September 9th, 2022

The case of the APC that never arrives

Raymond Chen

A customer encountered found that sometimes, their application hung in its clean up code. Here’s a simplified version.

bool ShuttingDown = false;

void MainThread()
{
    DWORD id;
    auto hThread = CreateThread(nullptr, 0, WorkerThread,
                                nullptr, 0, &id); // succeeds

    BlahBlahBlah(); // do useful work

    // Time to clean up. Post an APC to the worker thread
    // to tell it that it's time to go home.
    QueueUserAPC(WakeWorker, hThread, 0); // succeeds

    WaitForSingleObject(hThread, INFINITE); // hangs

    CloseHandle(hThread);
}

void CALLBACK WakeWorker(ULONG_PTR)
{
    ShuttingDown = true;
}

DWORD CALLBACK WorkerThread(void*)
{
    // Do work until shut down.
    do
    {
        // All work is posted via APCs.
        SleepEx(INFINITE, TRUE);
    } while (!ShuttingDown);

    return 0;
}

The idea is that the program has a worker thread to, y’know, do some work. All of the work items are posted via QueueUserAPC, and the worker thread simply calls SleepEx alertably, over and over again. Each call to SleepEx sleeps the thread until an APC is queued, at which point it returns (because the bAlertable parameter is TRUE).

One way of looking at this design is that it’s a sneaky way of making the operating system manage your work queue for you. Another way of looking at it is as a single-threaded I/O completion port.

Call it what you will.

Anyway, the problem is that the worker thread is stuck in SleepEx, as if it never got the WakeWorker APC that tells it to exit.

But is that really the problem?

The customer was able to get some full memory dumps of systems that got into this state, and the telling detail is that the ShuttingDown variable was set to true. So it wasn’t that the WakeWorker APC never arrived. It totally did arrive and set ShuttingDown to true. Yet somehow that didn’t wake up the SleepEx.

One of my colleagues offered the possibility that when the code entered the SleepEx loop, the WakeWorker APC had already run. If that’s the case, then the SleepEx is going to wait for an APC that has already arrived.

I was able to confirm with a test program that this was indeed a possibility.

DWORD apc = 0;

void CALLBACK WakeWorker(ULONG_PTR)
{
    apc = GetCurrentThreadId();
}

DWORD CALLBACK WorkerThread(void*)
{
    if (apc == GetCurrentThreadId()) DebugBreak();
    return 0;
}

int __cdecl main()
{
    DWORD id;
    while (true)
    {
        apc = 0;
        auto h = CreateThread(nullptr, 0, WorkerThread, nullptr, 0, &id);
        QueueUserAPC(WakeWorker, h, 0);
        WaitForSingleObject(h, INFINITE);
        CloseHandle(h);
        Sleep(10);
    }
    // notreached
}

This program creates a thread and immediately queues an APC to it.

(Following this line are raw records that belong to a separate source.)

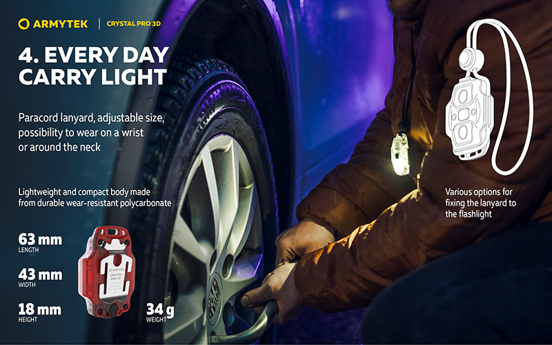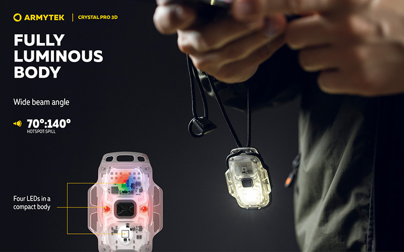 Particulièrement polyvalente, la Crystal Pro 3D inclut un support vélo sécurisé pour l'installation sur guidon. Son corps entièrement lumineux unique facilite la localisation dans l'obscurité. Compacte et légère avec seulement 24 grammes, cette lampe multifonction s'adapte à tous les usages : frontale, vélo, EDC, porte-clés, lampe de camping, signal et éclairage de secours.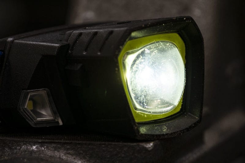 The main headlamp has two settings, a spotlight and a softer area light setting. The actual light quality is adequate, with some yellowing in the halo on the spotlight setting.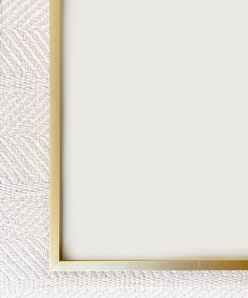 *note: framing depicted is digitally imposed, therefore it is a representation of the frame included, but not exact. See the last photo for actual frame, a thin brushed aluminum in a pale gold shade.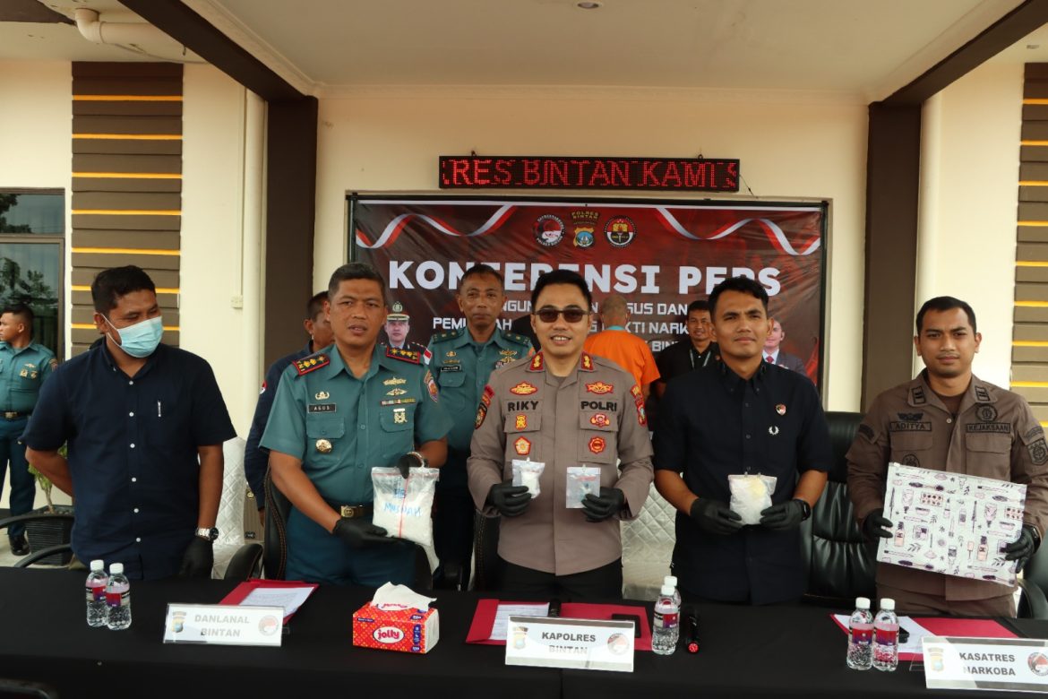 Dalam konferensi pers tersebut Kapolres Bintan AKBP Riky Iswoyo, S.I.K., M.M didampingi oleh Danlanal Bintan Letkol Laut (P) Eko Agus Susanto, S.E., M.M, Kasat Narkoba Polres Bintan Iptu Davinsi Josie Sidabutar, Kejari Bintan dan Penasehat Hukum tersangka.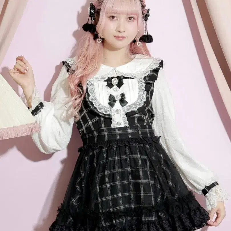 걸리시 셋업 원피스 리본 포함 양산형 지뢰계 핑크 x 블랙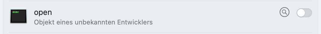 «Open» wird als Objekt eines unbekannten Entwicklers unter Anmeldeobjekte angezeigt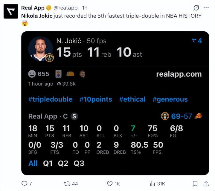 这场比赛约基奇又完成多项记载:1.约基奇18分钟完成三双历史第五快;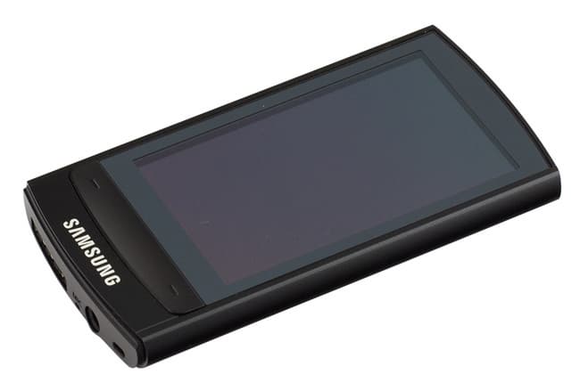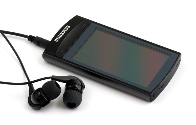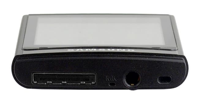 На лицевой панели расположен сенсорный дисплей, а под ним — кнопка-качелька. На нижнем торце — два гнезда: одно для наушников, другое — для соединения с ПК. Последнее уже не в первый раз нам встречается в плеерах Samsung и не только. Там же расположено ушко для шнурка и встроенный микрофон.

The thread procedure checks if the APC already ran on the same thread, and if so, it breaks into the debugger.

If you run this program, it breaks immediately. If you set a breakpoint on the WakeWorker function, you’ll see that it does indeed run on the thread before the WorkerThread function starts.

From the stack trace on that breakpoint, it appears that the kernel processes APCs during the early phases of thread creation, so if you had any queued APCs, they will get processed before the thread procedure even starts.

So that’s the bug: The ShuttingDown flag was already set by the time the thread procedure started, but the code assumes that it can only be set by an APC that is processed by the SleepEx.

The fix is simple: Change the loop from a do...while to a while, so that the test is at the top of the loop instead of at the bottom.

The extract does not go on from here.